1 Tbs ginger, minced

1 tsp (5 mL) Szechwan sauce (or ½ teaspoon Sambal Oelek and a little dash of white vinegar)

¼ cup (60 mL) water

1¼ tsp salt or to taste

¼ tsp black pepper

¼ tsp white vinegar

2 Tbs (30 mL) dark soy sauce

1 Tbs cornstarch mixed with 2-3 Tbs water (should resemble 10% cream)

300 g boneless chicken, cut into chunks

1 egg, beaten

¼ cup all-purpose flour

Oil for frying

1 Tbs green pepper, diced

1 Tbs cilantro

1 Tbs green onion

1. Heat oil in a heavy bottom pot and add garlic and ginger. Sauté for 1 minute.

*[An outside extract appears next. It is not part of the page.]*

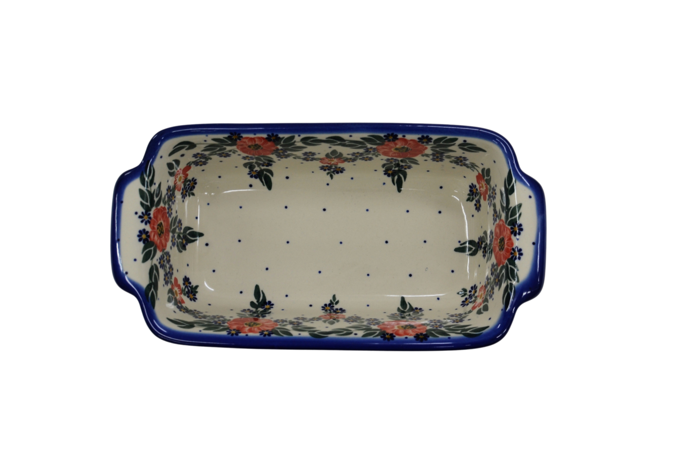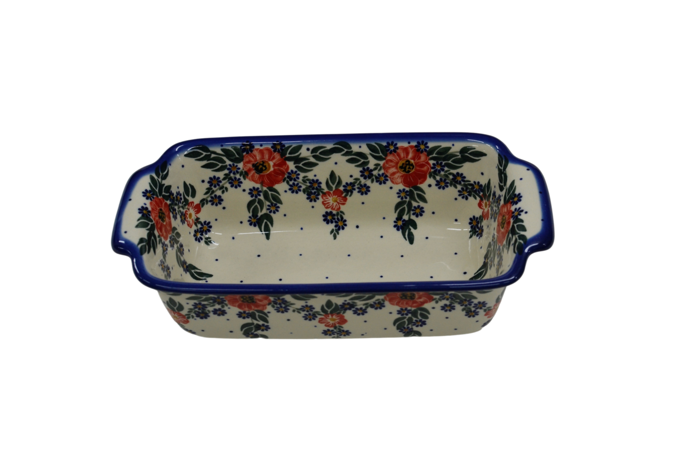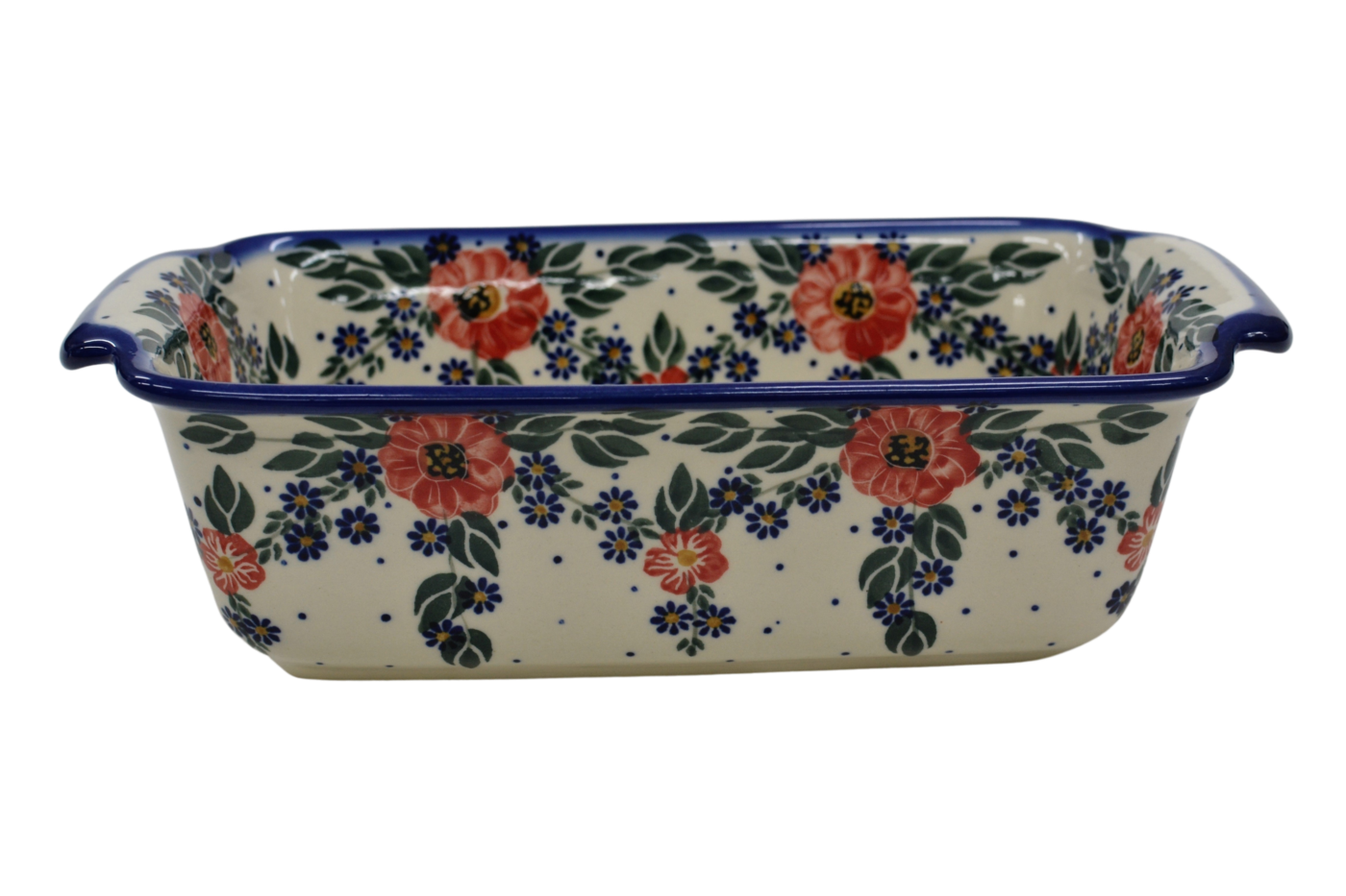 Oryginalny produkt ceramiki bolesławieckiej - ręcznie zdobiona forma ceramiczna z uszami do pieczenia chleba III duża, pojemności 1,3 litra , idealna do przygotowywania i zapiekania domowych wypieków, chlebów czy ciast oraz wszelkich pasztetów.

2. Add Szechwan sauce and continue to sauté. Add water and continue to gently cook the sauce.

3. Add salt and pepper, and then add vinegar and soy sauce.

4. Let the mixture cook for 10-15 minutes.

5. Add a little cornstarch slurry into the boiling sauce. Whisk to break up lumps and cook the sauce till it thickens and coats the back of the spoon. Add more cornstarch/water if necessary.

6. Lightly coat the chicken with egg and then flour. Heat oil and fry until chicken is completely cooked. Add the chicken chunks into the pan with the sauce.

7. Add the diced peppers, green onion, and cilantro, and transfer to the serving bowl.